The records
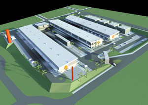 Condomínio Logístico / Múltiplo Uso. Módulos para atividades diversas com 2 acessos independentes (atendimento ao público e carga e descarga – fluxos e portarias individualizados). Possibilidade de utilização de mais de um módulo para atividades com maiores demandas. Previsão de edifícios para atividades corporativas e comerciais, e para serviços de apoio como restaurantes, administração, auditórios e outras conveniências. Todo complexo com administração, infra-estrutura e segurança gerida pelo Condomínio. Possibilidade de implantação do complexo por fases.
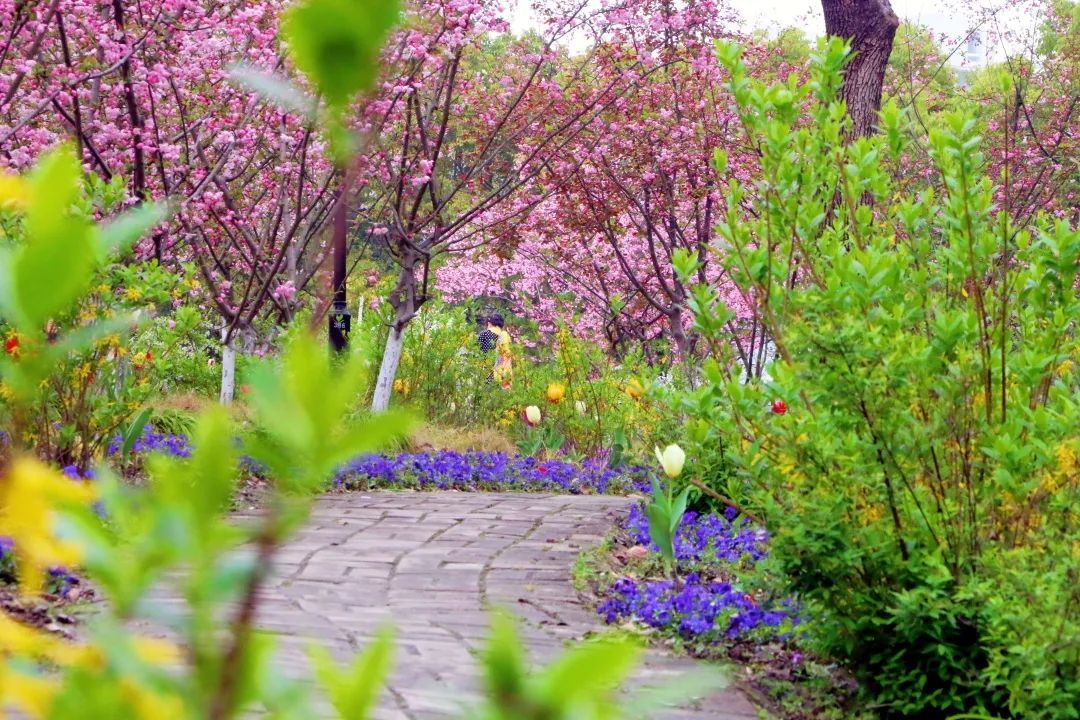 市民们携手相伴、三五成群,在美景之中流连忘返,感受春天的浪漫气息。
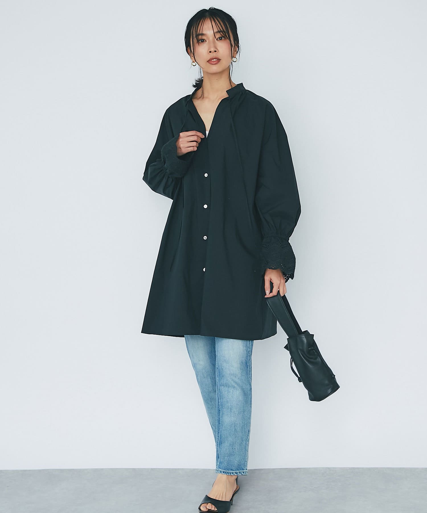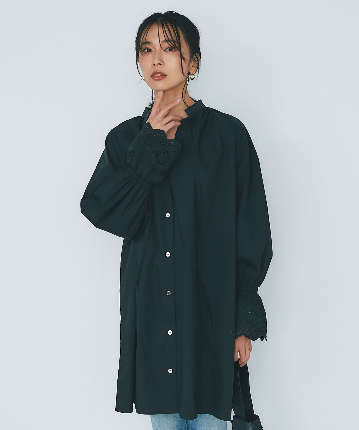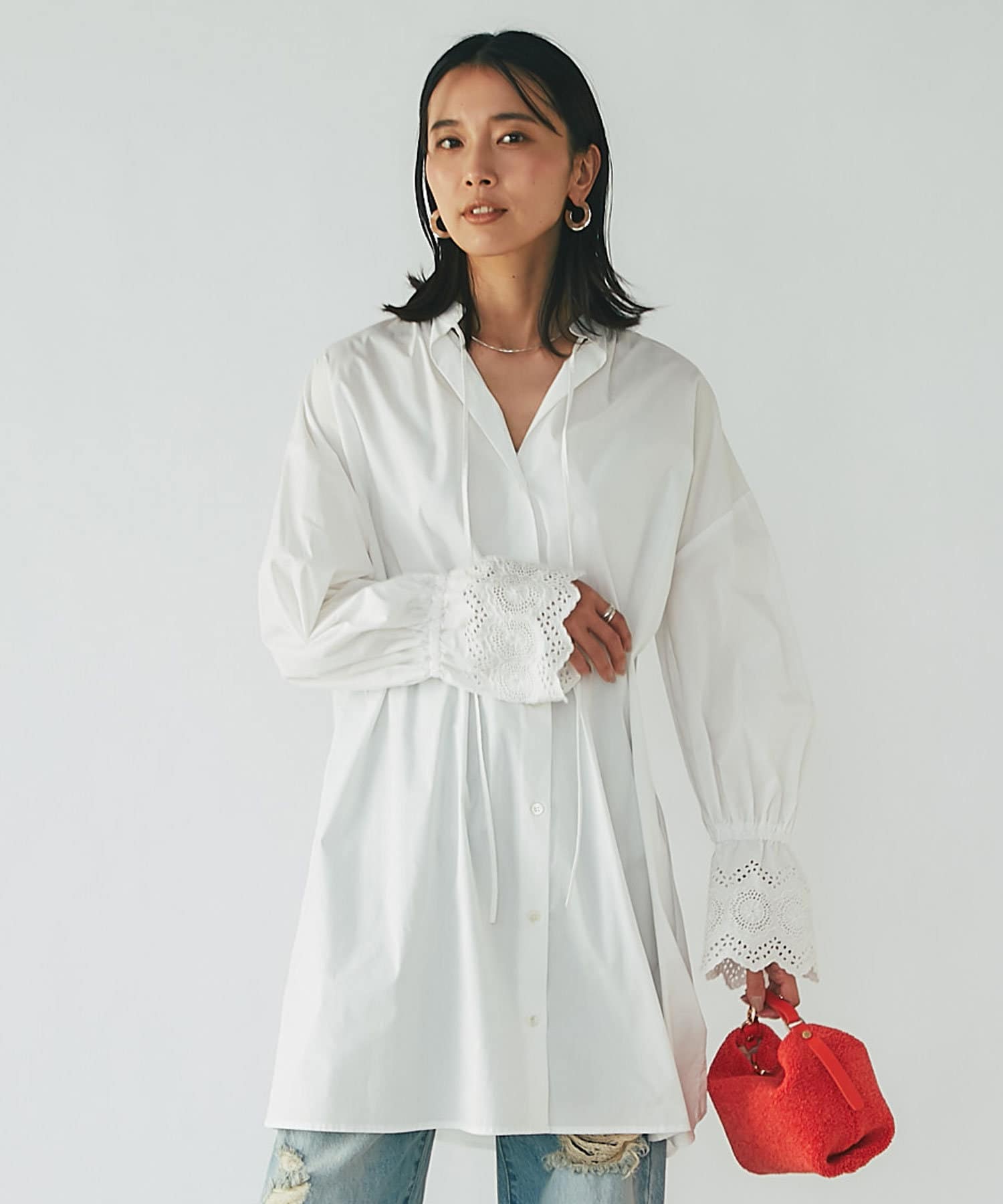 TOP > RIVE DROITE > レディース > トップス > シャツ/ブラウス(ボタン) > 【繊細なレースが華やかさをプラス】レースカフスロングシャツ
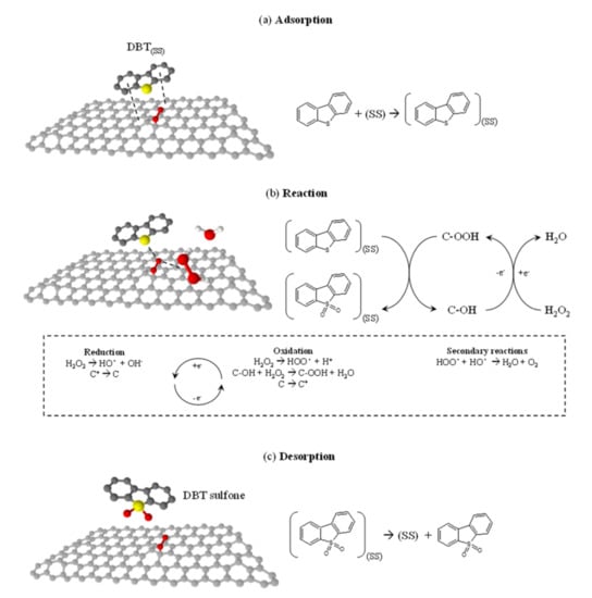 Yu et al. (2010) also observed that the adequate adsorption of DBT into the carbon structure was an essential contribution of the carbon-based support in an HPW/AC catalyst []. Their reasoning is that increased adsorption of DBT leads to a higher collision probability between DBT and active oxygen species from the decomposition of H2O2 that takes place in the active center (HPW). The carbon surface also influences the resonance-stabilization of these active oxygen species, boosting oxidation. Moreover, due to the hydrophobicity of AC, it can be adequately dispersed in the oily phase or placed in the interface between the oily and polar phases, acting as a phase transfer agent []. Kermani et al. (2018) also found that the combination between adsorption capacity towards DBT and adequate lipophilicity of AC structure was an essential feature of the composite Mo132/AC [].
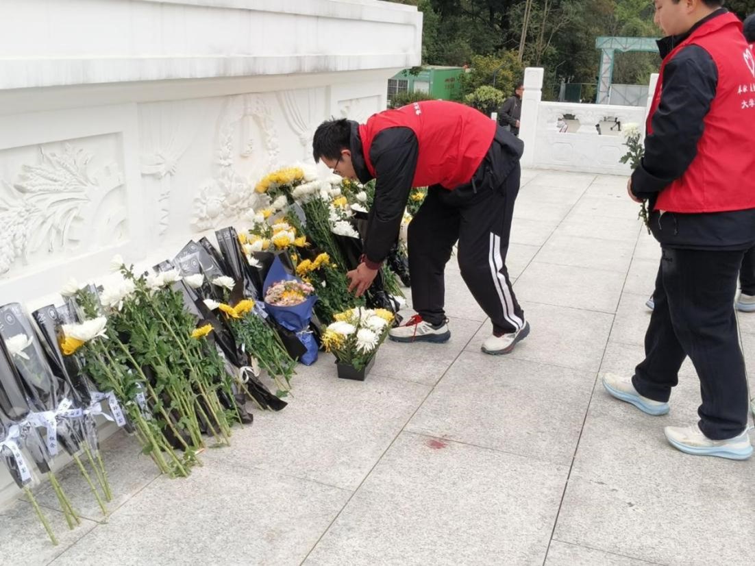 11時許,祭掃儀式在解放貴州革命烈士紀念碑前莊嚴舉行。全體人員肅立默哀,30名志愿者手捧素菊組成“豐碑”造型,以當代青年特有的儀式語言致敬先烈。既保留傳統(tǒng)祭祀的情感溫度,又體現低碳環(huán)保的現代文明理念。
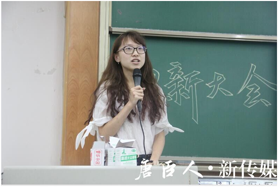 大会伊始,王霞老师为本次招新致辞。她提到,2016级新生正在经历着从高中到大学的蜕变,大学四年,是培养个人素质能力、塑造个人的重要阶段,根据自己的兴趣、特长合理选择心仪的团学组织,必定能在这里收获与成长。此次的招新大会也是各组织、各部门展示形象、能力的契机。王霞老师的发言赢得了全场雷鸣般的掌声。
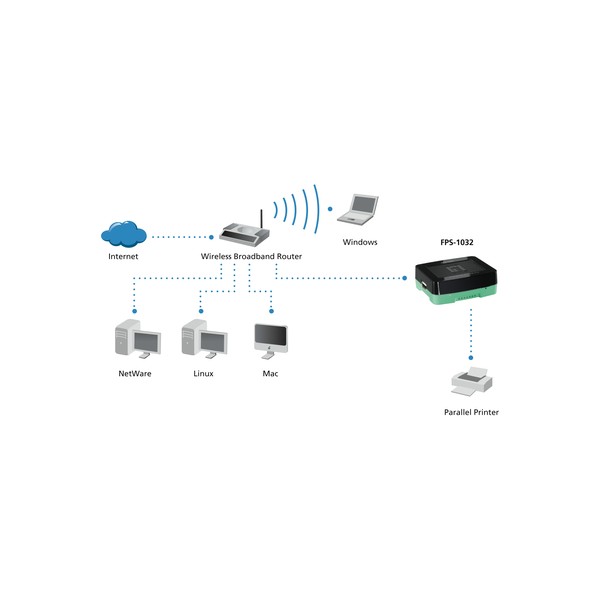 LevelOne FPS-1032 server di stampa LAN Ethernet Nero, Verde
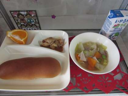 本日の給食の献立をご紹介します。本日の献立は、黒糖パン、牛乳、鶏肉の味噌バターソース、スープ煮、デコポンでした。

Assignment
All lines from the one bearing "11時許,祭掃儀式在解放貴州" through the last line of the records, and only those, should be duplicated exactly; no picture belongs in the copy.

Response to the exercise
 11時許,祭掃儀式在解放貴州革命烈士紀念碑前莊嚴舉行。全體人員肅立默哀,30名志愿者手捧素菊組成“豐碑”造型,以當代青年特有的儀式語言致敬先烈。既保留傳統(tǒng)祭祀的情感溫度,又體現低碳環(huán)保的現代文明理念。
 大会伊始,王霞老师为本次招新致辞。她提到,2016级新生正在经历着从高中到大学的蜕变,大学四年,是培养个人素质能力、塑造个人的重要阶段,根据自己的兴趣、特长合理选择心仪的团学组织,必定能在这里收获与成长。此次的招新大会也是各组织、各部门展示形象、能力的契机。王霞老师的发言赢得了全场雷鸣般的掌声。
 LevelOne FPS-1032 server di stampa LAN Ethernet Nero, Verde
 本日の給食の献立をご紹介します。本日の献立は、黒糖パン、牛乳、鶏肉の味噌バターソース、スープ煮、デコポンでした。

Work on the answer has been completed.